From the Archives

Q&A: Steely Dan's Walter Becker

The guitarist and reggae enthusiast talks his new solo LP and his future with Donald Fagen

AUSTIN SCAGGSPosted May 06, 2008 10:07 AM

After fourteen years, it's still a thrill to listen to Walter Becker's 1994 solo debut 11 Tracks of Whack, an album that boasts tracks that stand up to his best work in Steely Dan, like "Surf and/or Die," "This Moody Bastard" and "Hat Too Flat." Becker's second solo disc, Circus Money, out in June, is just as compelling, and was inspired in large part by the Sixties and Seventies Jamaican grooves Becker finds endlessly fascinating. Unlike most Steely Dan-related projects, Becker maintains basically the same band throughout the disc — SD vets including drummer Keith Carlock (a monster), guitarist Jon Herington and keyboard player Ted Baker (Becker plays righteous bass). Becker also collaborated with songwriter/producer Larry Klein, known for his work with Joni Mitchell (Klein's ex-wife), including his production on River: Letters to Joni, the Herbie Hancock album that took top honors at last year's Grammys.

Check out the world premiere of "Somebody's Saturday Night" below, a song about a certain slutty chick. Our favorite lines? "She's no fool/But she's none too bright/She's just somebody else's Saturday night." Or is it, "Drink drink cigarette talkie talk drink drink smoke smoke cigarette."

Have you and Larry Klein been friends for a long time?
We've been friends for a while and I was at a point where I had about 800 different ideas for records that I thought I might make. And Larry said, "I'd love to make a record some time," and he was very helpful in condensing the ideas that I had down to a good workable set. I'd been listening to a lot of Jamaican music from the Sixties and Seventies and there was all sorts of ideas I had about the rhythms and bass patterns that they used and also about the way in which they re-used tracks, re-mixed tracks, the way in which ideas circulated, filtered through their culture via records — successive records with the same rhythm, sometimes with exactly the same track, sometimes with the track and the rhythm re-cut in somewhat in a more current style. I could just listen to that stuff endlessly, just the way those guys play, the way that the drums and bass interact is fantastic. That was the jumping off point and then we just ended up writing. A couple of things came out sounding sort of Jamaican and [some] didn't, but that was the idea, I guess.
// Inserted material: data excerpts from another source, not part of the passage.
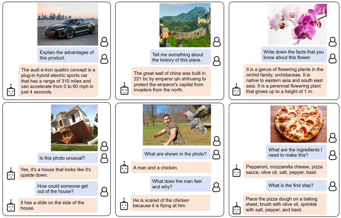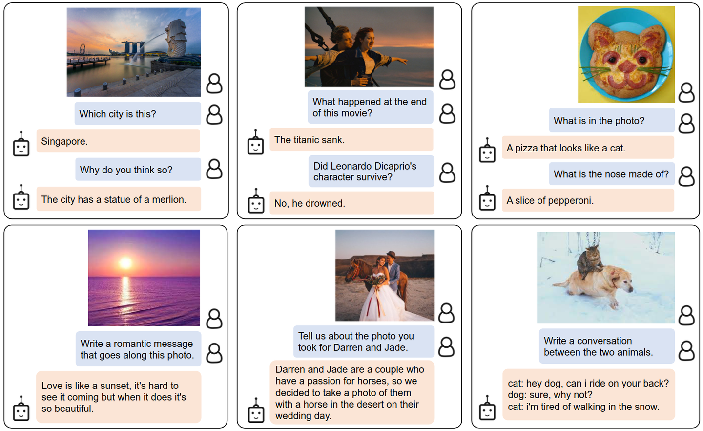 先来看几张 Zero-shot 指令控制图文生成任务的实验结果,包括视觉知识推理、视觉常识推理、视觉对话、个性化图像到文本生成如下图4和5所示。只需在视觉提示之后附加文本提示作为 LLM 的输入。
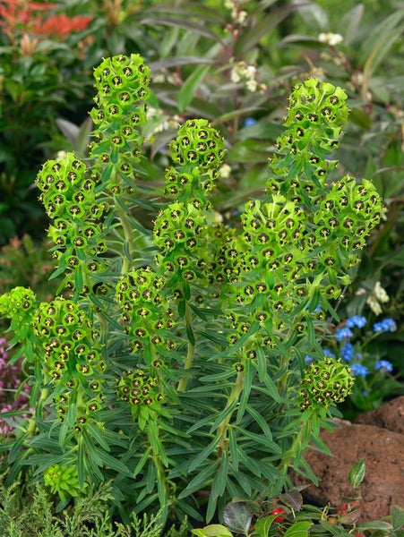Euphorbia characias ‘Blue Wonder’, die Mittelmeer-Wolfsmilch, verbindet architektonische Eleganz mit einer außergewöhnlichen Blattfärbung. Die immergrüne Staude zeigt dichte, aufrechte Triebe mit beeindruckend blau-grauen, bereiften Blättern, die ganzjährig Struktur und Ruhe in Beete und Rabatten bringen. Von April bis Juni erscheinen imposante, kerzenartig aufgebaute Blütenstände mit leuchtend chartreusefarbenen Hochblättern, die in der Frühlingssonne spektakulär schimmern und die silbrig-blaue Laubfarbe wirkungsvoll akzentuieren. Der horstige Wuchs bleibt kompakt und formstabil, wodurch ‘Blue Wonder’ als Solitär ebenso überzeugt wie in Gruppenpflanzungen, am Rand von Kies- und Steingärten oder als markante Strukturpflanze im modernen Vorgarten. Auch als Kübelpflanze auf sonniger Terrasse oder Dachgarten setzt sie mediterrane Akzente und harmoniert hervorragend mit Ziergräsern, Lavendel, Salvia und trockenheitsliebenden Stauden.
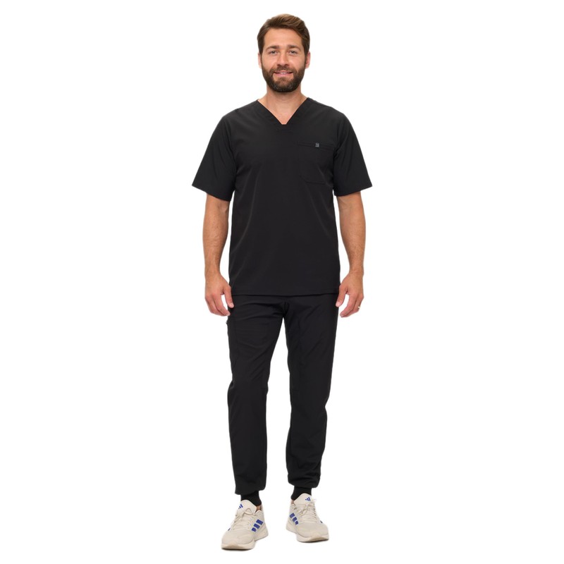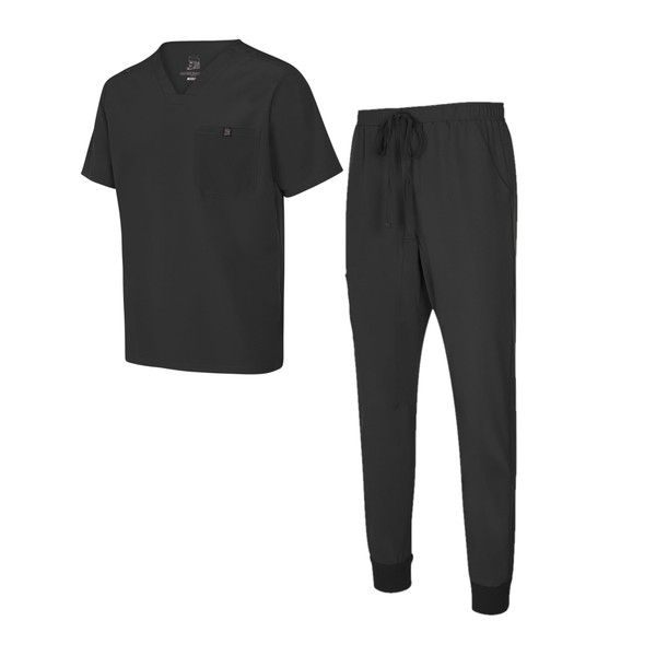 Natural Uniforms Mens Luxe Stretch Jogger Scrub Set (Black, Large)

What Jamaican music, specifically?
Well we're talkin' about everything from the sort of Rock Steady period on. I'd say everything from ska through 1980, when they started using drum machines. So that would be ska, Rock Steady reggae, rockers, steppers, all these different variations on the patterns as the drumming changed a little bit and the tempos changed. A lot of Lee Perry stuff, the stuff that the rhythm section from the Wailers played on — Style Scott, Sly & Robbie, Flabba Holt. There's just a ton of music from that period.

I notice a lot of Jamaican influence on 11 Tracks of Whack, as well.
I had started listening to that way back in those days and at one point Donald [Fagen] and I actually experimented with the idea of doing an album with reggae-type beats on it in the Eighties. I think "Snowbound" that was eventually on one of his albums was from that period. And the original version of "West of Hollywood" was from that period. It's always fascinated me the way they use the same elements of rhythm and blues playing, but they turn them around in a way and yet they still get a great feel on it, you know? And as a rhythm section guy, those rhythm sections are sort of the ultimate — the tightness of it, the complexity of the feels.